*Exercise brief*. Omit all images, then repeat exactly the lines below from the one containing "Bitcoin พยายามสร้างเชิงดอยอยู่ที่ระดับราคานี้ 125,000" through the one containing "It is extraordinarily", both ends included.

* * *

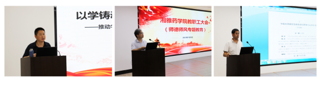 教师师德失范行为负面清单及处理办法》,详细阐述了文件提出的要求和不能触碰的纪律红线。他指出,师德师风建设是教师队伍建设的第一标准和首要任务,全院教师要认真学习习近平总书记对师德师风建设的重要指示批示精神,恪守初心,严守行为准则,牢牢守住师德底线,争做“四有”好老师,培养担得起民族复兴大任的时代新人。
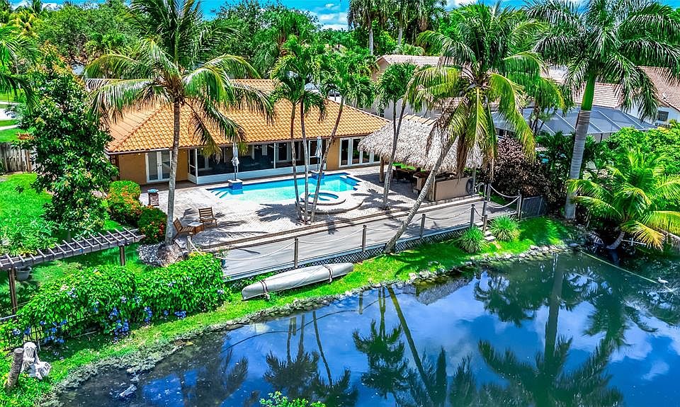Designed for entertaining and relaxation, this 4 bedroom, 3 full bathrooms waterfront Jacaranda Lakes home offers space, style, and serenity. Situated on an oversized lot of 12,004 sqft, the backyard retreat features a tiki hut with electric, outdoor kitchen, tv, pool, and hot tub—all with tranquil water views. Inside, enjoy a stylish bar lounge, dedicated coffee & tea station, impact windows and doors, 2025 water heater and pool pump, two A/C units, security cameras with DVR, and an S-tile roof. Primary bathroom is a cabana bath, 2 large walk-in closets, and a dressing area connecting the primary bedroom suite. Home has a versatile layout making it easy to spread out or come together. Don’t miss this unique blend of comfort and lifestyle in one of Plantation’s most loved neighborhoods.
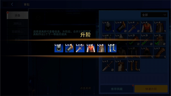 点击“快速升阶”按钮,就能一键完成所有装备的升阶操作。
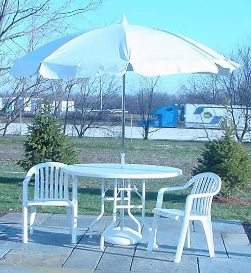 Choose from two sizes of round tables that can be used with market umbrellas: 48″ and 60″. Umbrella tables require the umbrella, table, and solid weighted base, which is included with the rental.
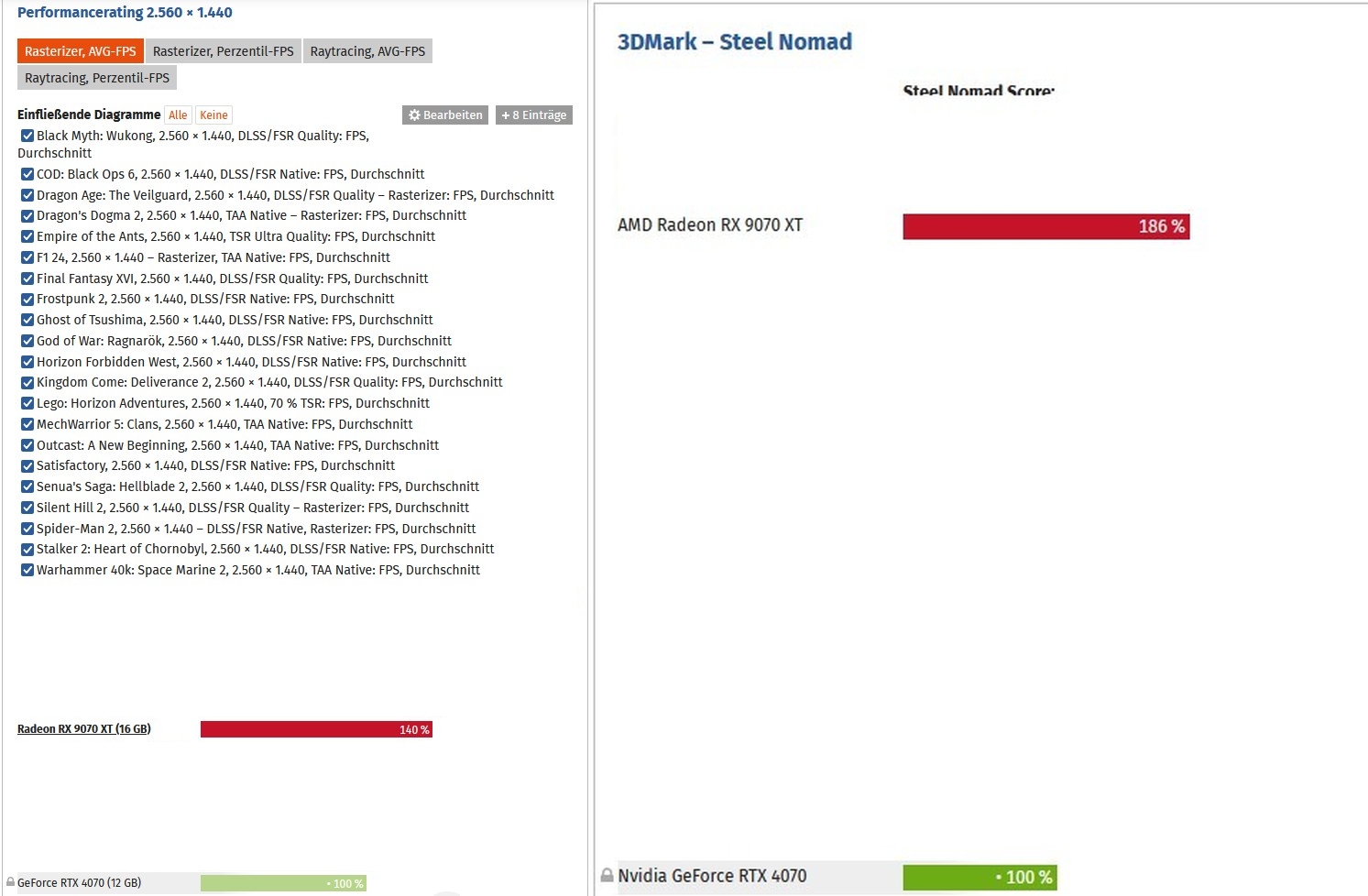 Man zahlt halt das was man bekommt RTX 5070ti beginnen bereits bei 1050 Euro, RX9070XT bei 800 ... muss jeder selber entscheiden ob diese Vorteile es wert sind:
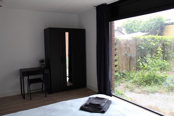 De woning kent een ruime entree op de begane grond, waar zich tevens een woonkamer, slaapkamer en badkamer bevinden. Aan de achterzijde van het appartement is de slaapkamer gesitueerd, waarvandaan u direct ook toegang heeft tot de tuin. Vanuit de woonkamer is de keuken bereikbaar, die is voorzien van koelkast met vriezer, gasfornuis, afzuigkap en combi-oven/magnetron. Tot slot is de begane grond voorzien van eigen badkamer met ruime douche, wastafelmeubel en toilet.
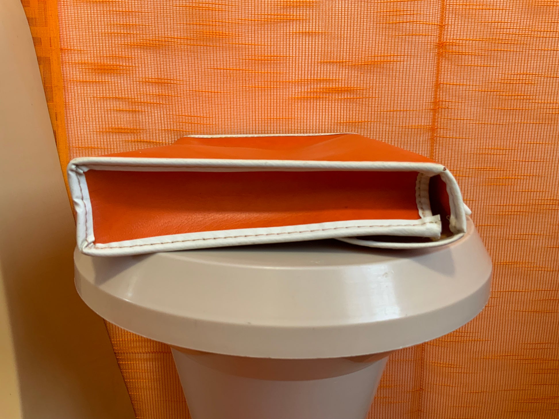 Superbe petit cartable sac à main sacoche Orange Un pur vintage Seventies Cuir orange et blanc poignée plastique blanc Intérieur nickel avec le nom de son petit propriétaire de l'époque.
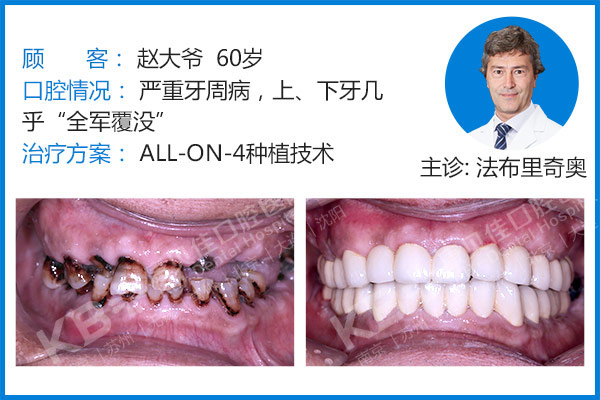 康贝佳特聘的意大利知名种牙医生法布博士为赵大爷主诊。法布博士说,由于重度的牙周炎,全口的牙已经都失去了功能,并为赵大爷设计了“即刻种植”方案。由于赵大爷缺牙较多,而且部分牙齿牙槽骨已经萎缩,医生立即为他选择了ALL-on-4种植,上下总共用了8颗植体,然后装上临时牙套,一口新牙诞生了,当天下午周先生开开心心回家了。
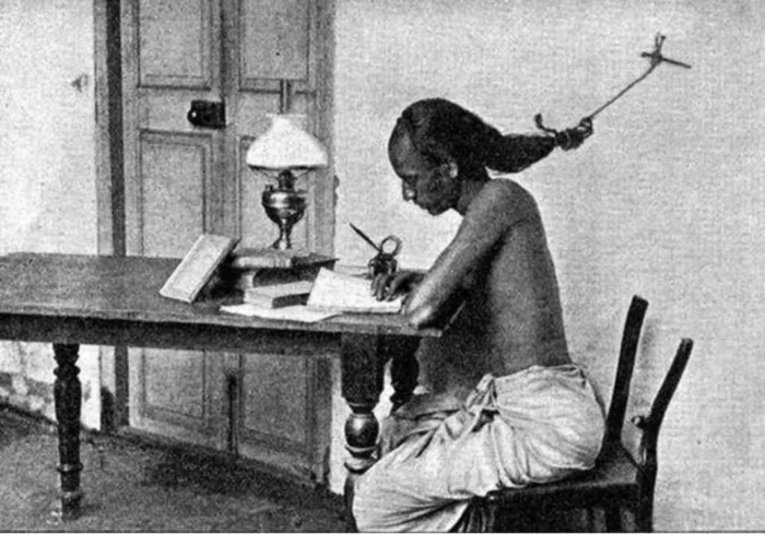 Индийский студент-брамин (класс священника) Мадрасского университета, его волосы привязаны к гвоздю в стене, чтобы он не заснул, 1948 год
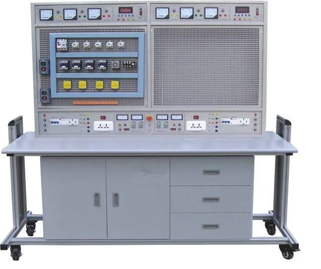 7、實訓桌:鐵質雙層亞光密紋噴塑結構,桌面為防火、防水、耐磨高密度板,并配有元器件儲存柜及抽屜。
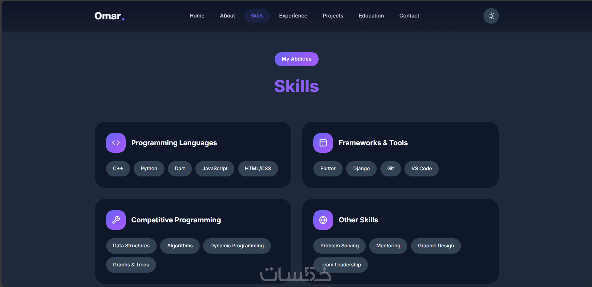 -المهارات (Skills): عرض مهاراتك التقنية بشكل مرئي وأنيق.
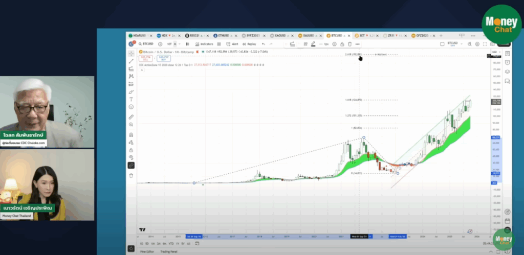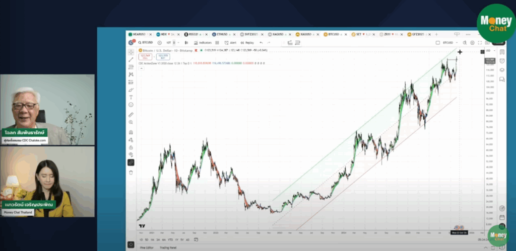 เมื่อผู้ดำเนินรายการถามต่อว่า “ถ้ามองจากตรงนี้ Bitcoin พยายามสร้างเชิงดอยอยู่ที่ระดับราคานี้ 125,000 ดอลลาร์ ถ้ามันสร้างได้ มันจะไปไกลมากเลย เท่าที่คุณลุงดู Technical 500 วัน ความแข็งแรงนี้มันจะไปไกลได้แค่ไหนคะ”
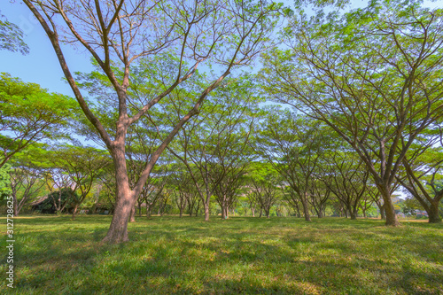 © Peerapong, Fototapeta premium Bottom view to the tree top of nature background
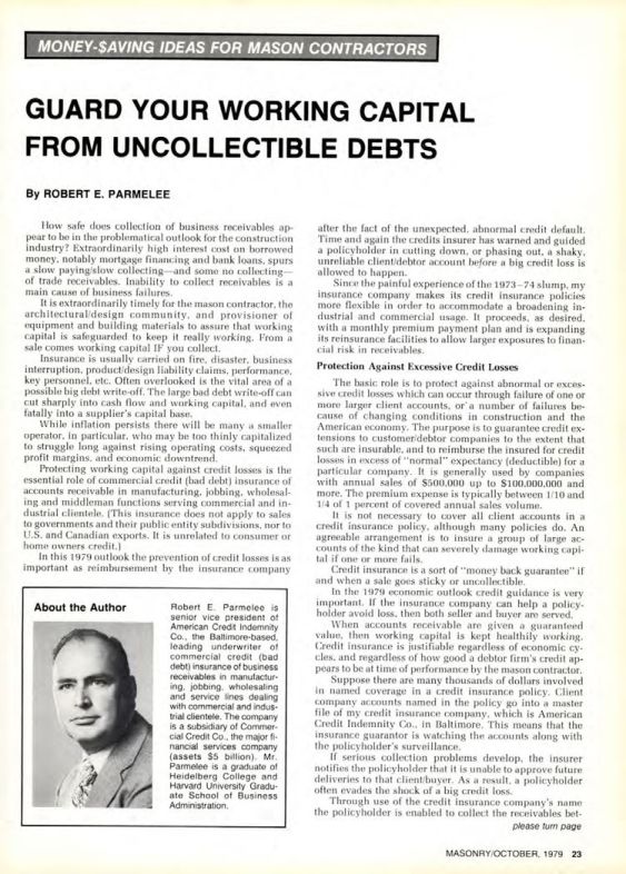 It is extraordinarily timely for the mason contractor, the architectural/design community, and provisioner of equipment and building materials to assure that working capital is safeguarded to keep it really working. From a sale comes working capital IF you collect.
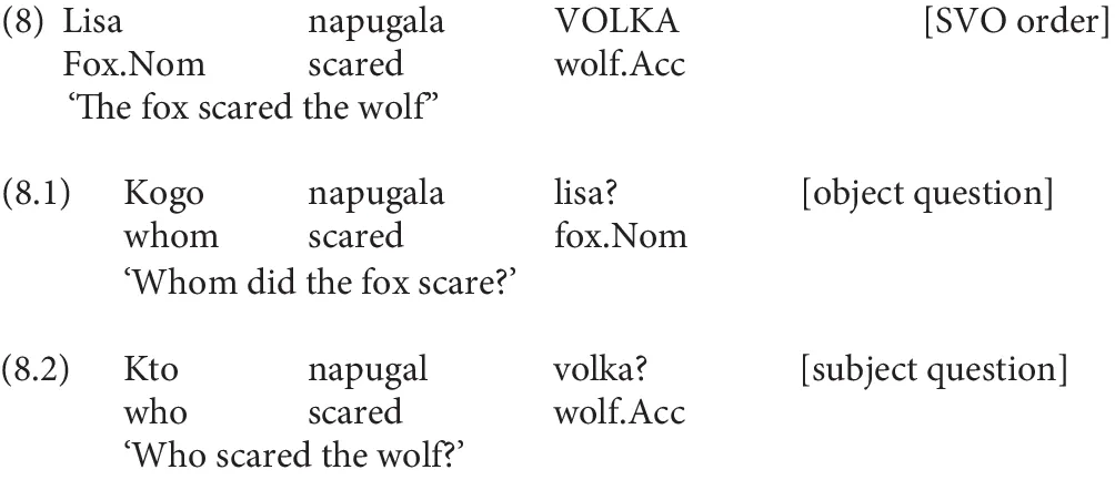 1. ^The question in (1a) can also receive a response in SVO order, in which case the nuclear pitch accent would be on the preverbal subject; in principle, (2a) can receive a response in OVS order, with the nuclear pitch accent on the preverbal object, though this is rather less commonly attested [see Kallestinova (2007)]. We leave this aside, since the studies reported in this paper examined exclusively sentences with nuclear pitch accent on the sentence-final constituent, as in (1b) and (2b).
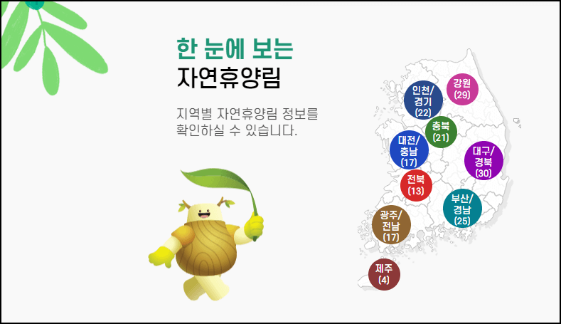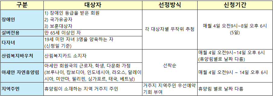 - 예약기간: 매월 4일 ~ 14일 (휴양림별로 신청기간이 다름, 아래 표 참고해 주세요)
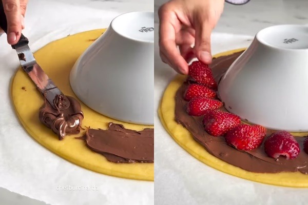 Tijesto koje ste izvadili iz hladnjaka počnite valjati između listova papira za pečenje dok ne dobijete okrugli oblik. Nakon što spojite rubove, tijesto zamotajte u prozirnu foliju i stavite u zamrzivač oko 15 do 20 minuta. Nakon tog razdoblja tijesto će biti spremno za struganje kako bi se oblikovali rubovi.
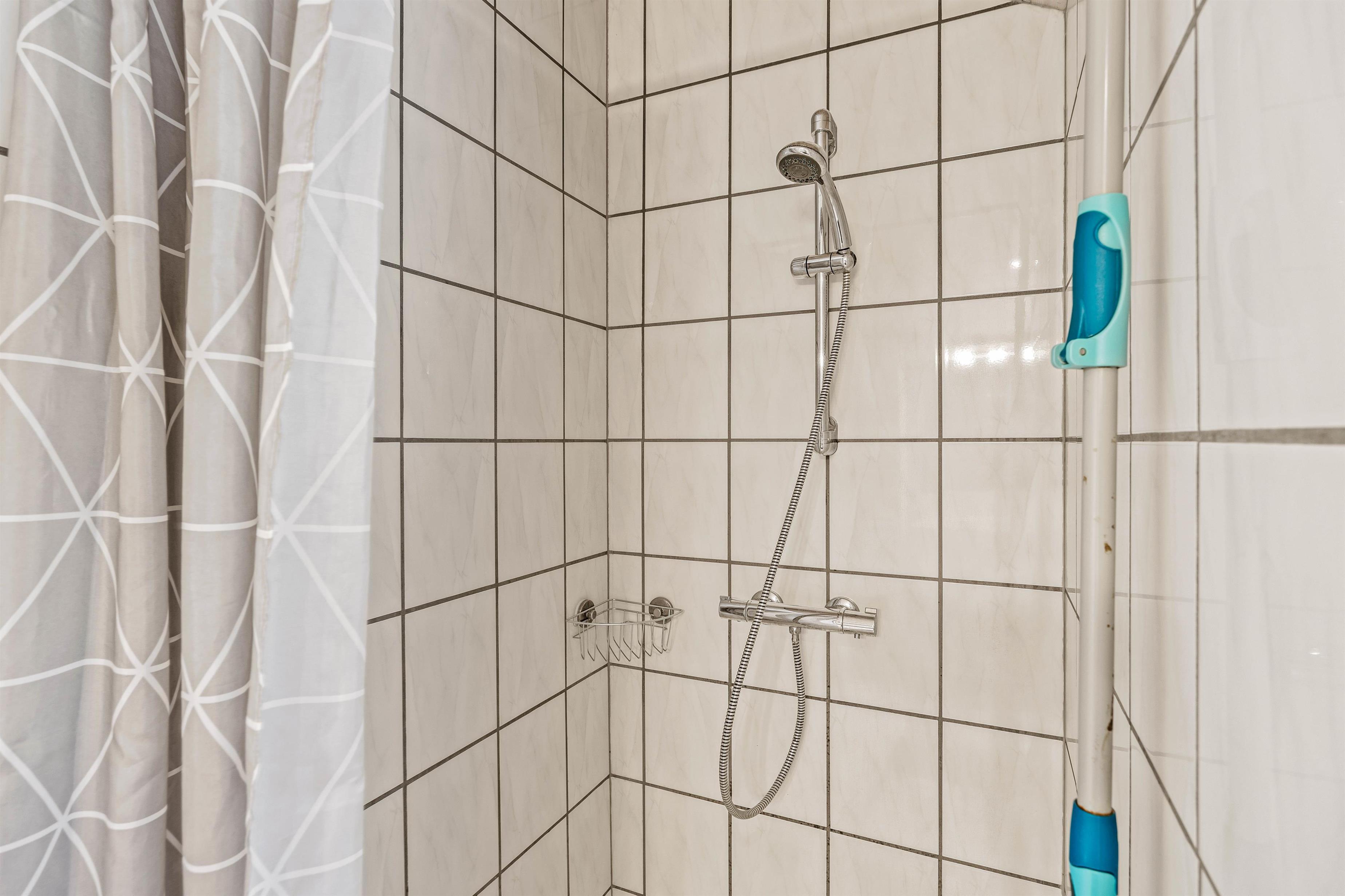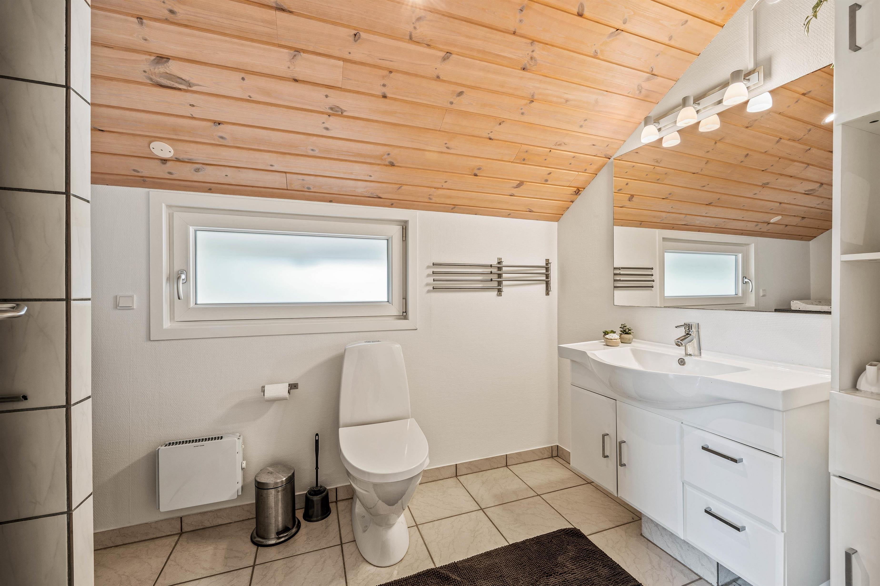 Badeværelset er lyst og indbydende, og her kan I nyde komforten af gulvvarme, som sikrer varme fødder selv på de køligste morgener.
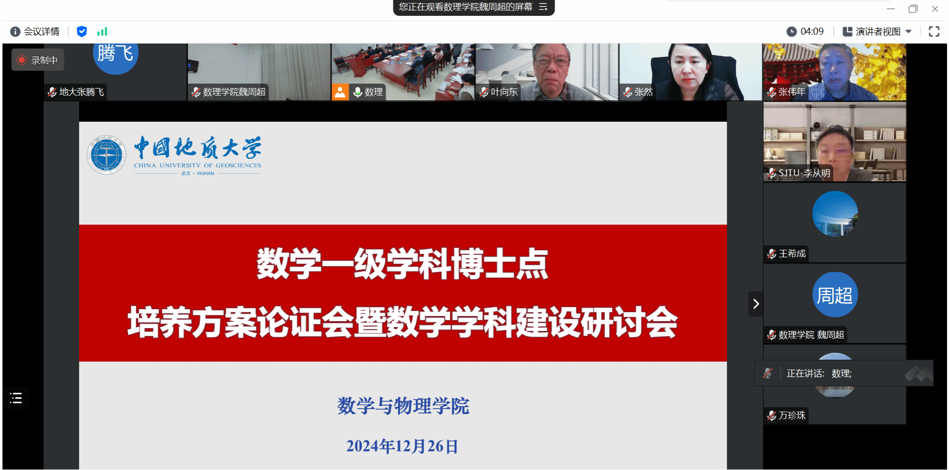 本次会议邀请了中国科学院院士、中国科学技术大学叶向东教授,吉林大学张然教授,上海交通大学李从明教授,四川大学张伟年教授,武汉大学赵会江教授等国务院学位委员会第八届数学学科评议组成员,以及武汉大学杨彤教授和华中科技大学刘斌教授,专家们通过线上线下参会方式对我校数学一级学科博士点培养方案和数学学科建设进行指导。

* * *

*Output for this task*.
 เมื่อผู้ดำเนินรายการถามต่อว่า “ถ้ามองจากตรงนี้ Bitcoin พยายามสร้างเชิงดอยอยู่ที่ระดับราคานี้ 125,000 ดอลลาร์ ถ้ามันสร้างได้ มันจะไปไกลมากเลย เท่าที่คุณลุงดู Technical 500 วัน ความแข็งแรงนี้มันจะไปไกลได้แค่ไหนคะ”
 © Peerapong, Fototapeta premium Bottom view to the tree top of nature background
 It is extraordinarily timely for the mason contractor, the architectural/design community, and provisioner of equipment and building materials to assure that working capital is safeguarded to keep it really working. From a sale comes working capital IF you collect.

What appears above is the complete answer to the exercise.